ACTIVITY
Starting at the line holding "주소(배달주문 시) |" and finishing at the line holding "음 패키지를 바꿔버리는", transcribe the material exactly, keeping both ends but no pictures.

LISTED RECORDS
▼

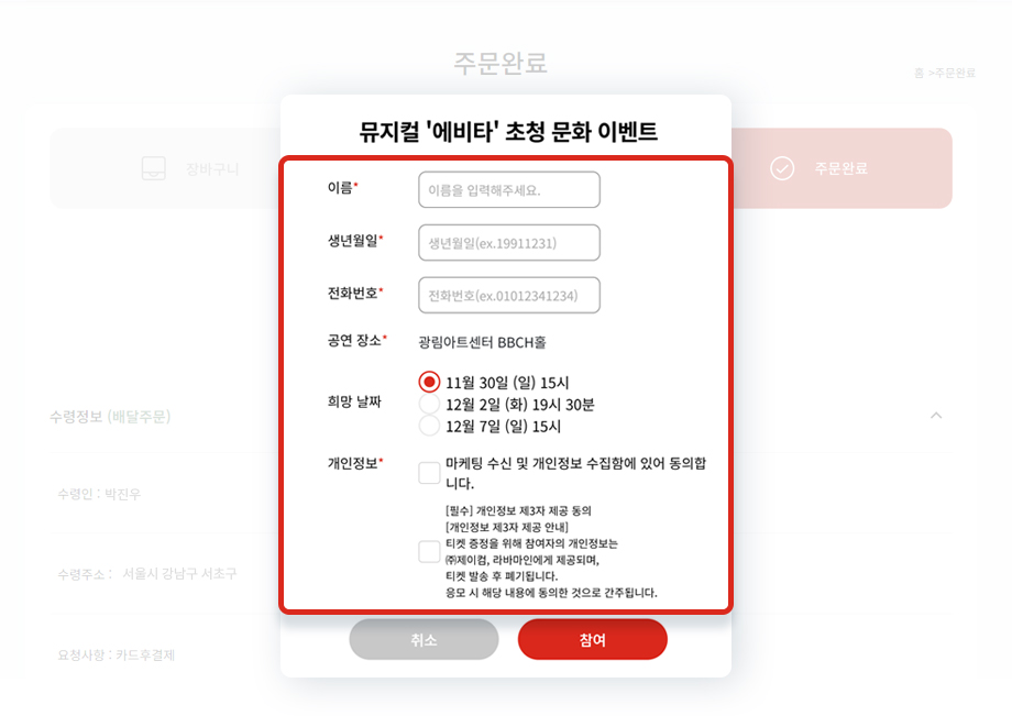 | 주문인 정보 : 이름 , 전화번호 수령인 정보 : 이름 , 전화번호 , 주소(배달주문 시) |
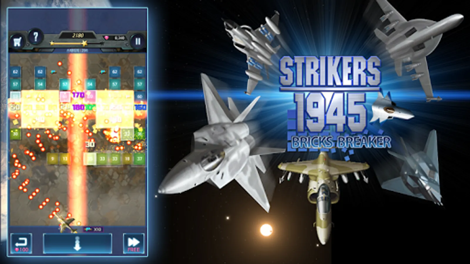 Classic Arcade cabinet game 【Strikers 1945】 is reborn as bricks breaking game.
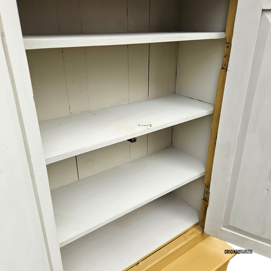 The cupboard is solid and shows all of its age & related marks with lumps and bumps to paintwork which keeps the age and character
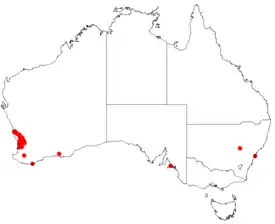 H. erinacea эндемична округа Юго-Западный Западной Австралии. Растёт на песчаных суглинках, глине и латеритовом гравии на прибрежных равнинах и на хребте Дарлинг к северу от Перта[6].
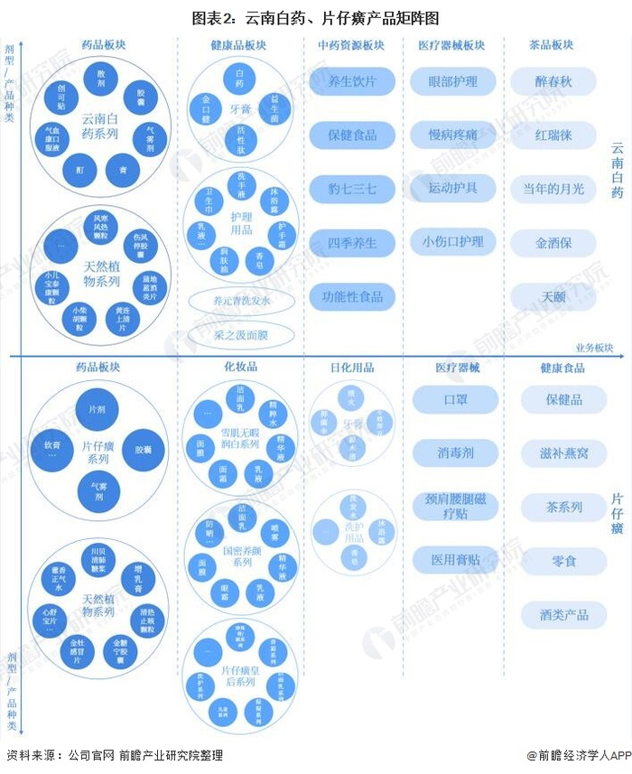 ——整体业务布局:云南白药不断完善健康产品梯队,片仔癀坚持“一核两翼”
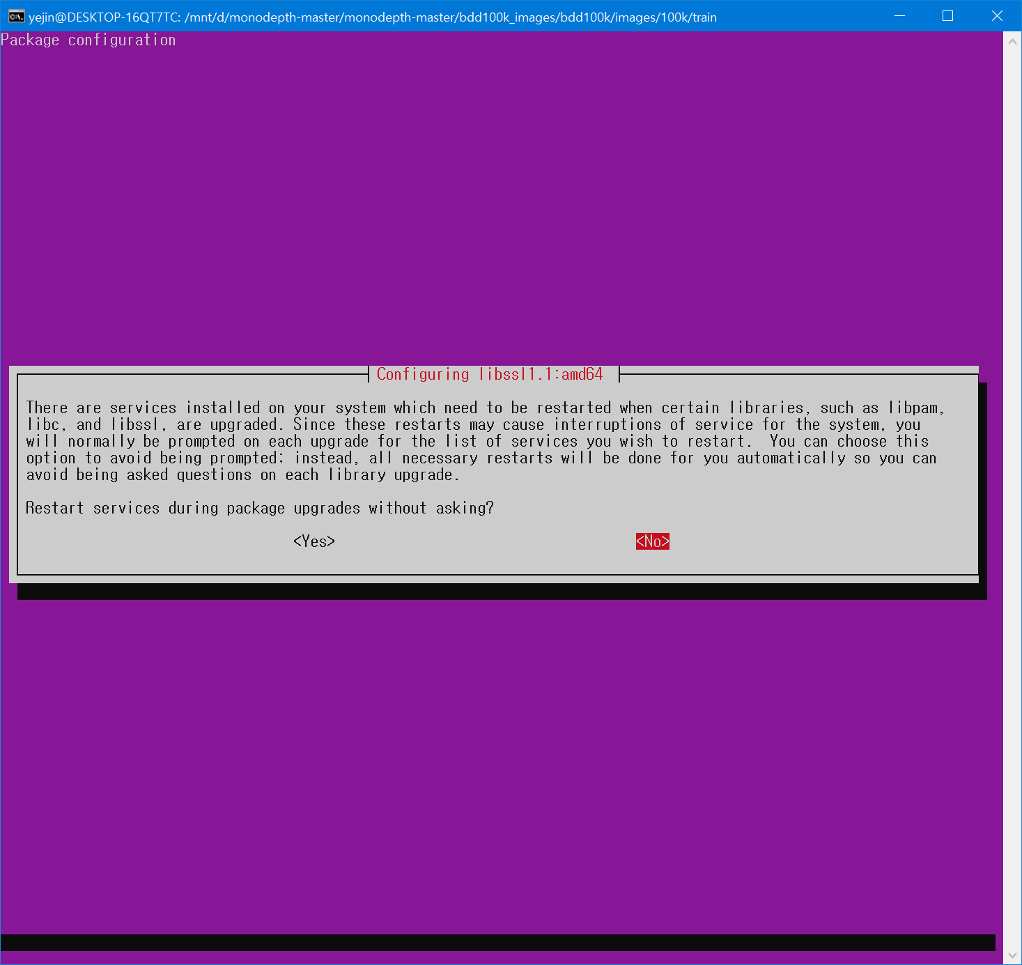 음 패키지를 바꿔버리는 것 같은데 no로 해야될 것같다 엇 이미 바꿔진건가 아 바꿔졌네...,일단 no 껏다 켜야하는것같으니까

▲
▼

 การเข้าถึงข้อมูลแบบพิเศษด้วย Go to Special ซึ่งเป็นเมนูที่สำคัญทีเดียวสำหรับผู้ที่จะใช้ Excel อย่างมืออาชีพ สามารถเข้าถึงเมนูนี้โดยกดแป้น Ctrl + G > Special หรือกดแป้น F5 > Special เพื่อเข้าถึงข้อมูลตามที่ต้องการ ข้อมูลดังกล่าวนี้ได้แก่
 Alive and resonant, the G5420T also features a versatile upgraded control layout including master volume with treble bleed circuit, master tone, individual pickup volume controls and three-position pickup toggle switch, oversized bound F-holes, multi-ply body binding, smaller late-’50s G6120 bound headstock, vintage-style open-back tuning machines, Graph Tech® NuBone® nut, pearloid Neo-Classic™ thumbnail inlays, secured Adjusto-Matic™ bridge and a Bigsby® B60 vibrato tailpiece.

▲

OUTPUT
 | 주문인 정보 : 이름 , 전화번호 수령인 정보 : 이름 , 전화번호 , 주소(배달주문 시) |
 Classic Arcade cabinet game 【Strikers 1945】 is reborn as bricks breaking game.
 The cupboard is solid and shows all of its age & related marks with lumps and bumps to paintwork which keeps the age and character
 H. erinacea эндемична округа Юго-Западный Западной Австралии. Растёт на песчаных суглинках, глине и латеритовом гравии на прибрежных равнинах и на хребте Дарлинг к северу от Перта[6].
 ——整体业务布局:云南白药不断完善健康产品梯队,片仔癀坚持“一核两翼”
 음 패키지를 바꿔버리는 것 같은데 no로 해야될 것같다 엇 이미 바꿔진건가 아 바꿔졌네...,일단 no 껏다 켜야하는것같으니까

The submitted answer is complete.